Perspectives on Paedophilia
- Editor: Brian Taylor
- Language: English
- Genre: Non-fiction
- Publisher: Batsford Books
- Publication date: 1981
- Publication place: United Kingdom
- Pages: 148
- ISBN: 9780713437188

= Perspectives on Paedophilia =

1981 book

Perspectives on Paedophilia is a book edited by University of Sussex lecturer Brian Taylor, published by Batsford in 1981. It contains chapters written by Ken Plummer, Richard Card, Peter Righton, Morris Fraser and John Hart, among other researchers.

== Research ==
Taylor wrote in the introduction that he intended it to be "a book to which professionals might refer when encountering an aspect of paedophilia and when they wish to have some ready source of information and guidance at their disposal.”

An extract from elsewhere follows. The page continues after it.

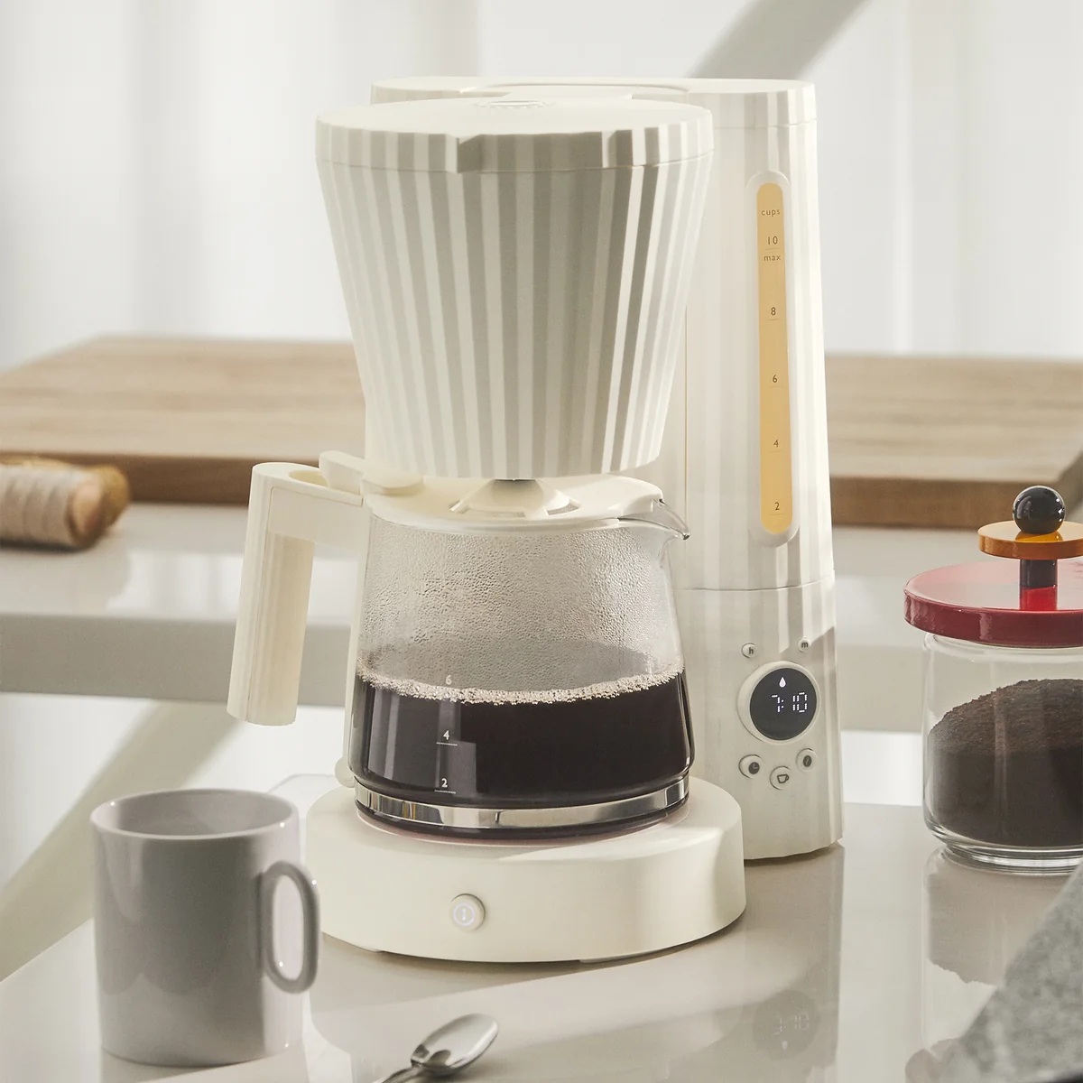 Het Plissé filterkoffiezetapparaat van Alessi combineert modern design met traditionele koffiekunst en zorgt voor een uitzonderlijke koffie-ervaring.

A chapter by Richard Card explores the topic of pedophilia and English law. Another chapter by Graham E. Powell and A. J. Chalkley explores the consequences of sexual acts between adults and children, which they conclude by stating that they are not traumatic to children. Plummer's chapter explores the topic of pro-pedophile activism, its ideology and issues pedophiles face in society.

== Reception ==
A review on Behaviour Research and Therapy described the book as an "[o]verall a good book for anyone who is interested in the subject, made essential reading by Plummer’s view". Another review on Critical Social Policy stated that the book "provide[s] invaluable material for the essential, basic, discussions we need on this issue."

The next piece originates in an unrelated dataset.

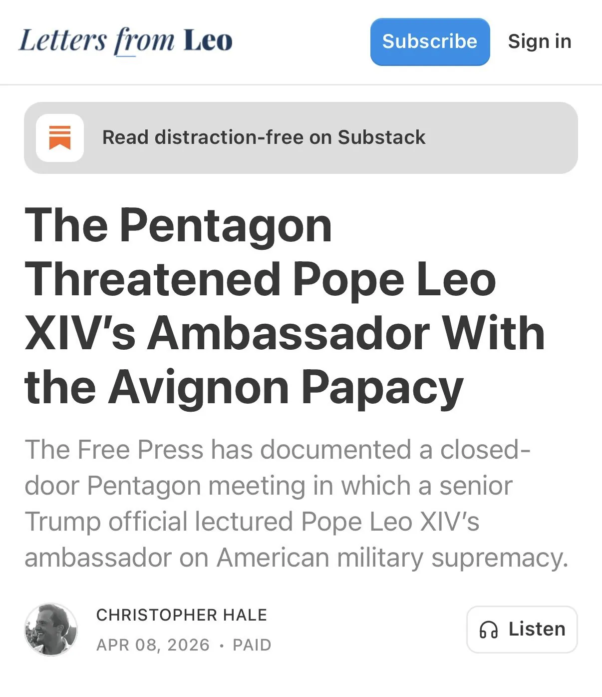 펜타곤의 고위 관계자가 주미 교황청 대사를 국방부로 소환했다. 자리에서 미국의 군사 정책에 유리한 입장을 취할 것을 강요하고, 이를 거부하는 공식 성명 발표를 중단하라고 압박했다.

On Behaviour Research and Therapy, a review described the book as an "unsatisfying volume", with the exception of Sean McConville’s and Plummer's chapters. John Marshall on the The British Journal of Criminology said that the book "will at least provide a focus for debate among those practitioners" interested on the topic, but criticized the contradicting views between the different contributors.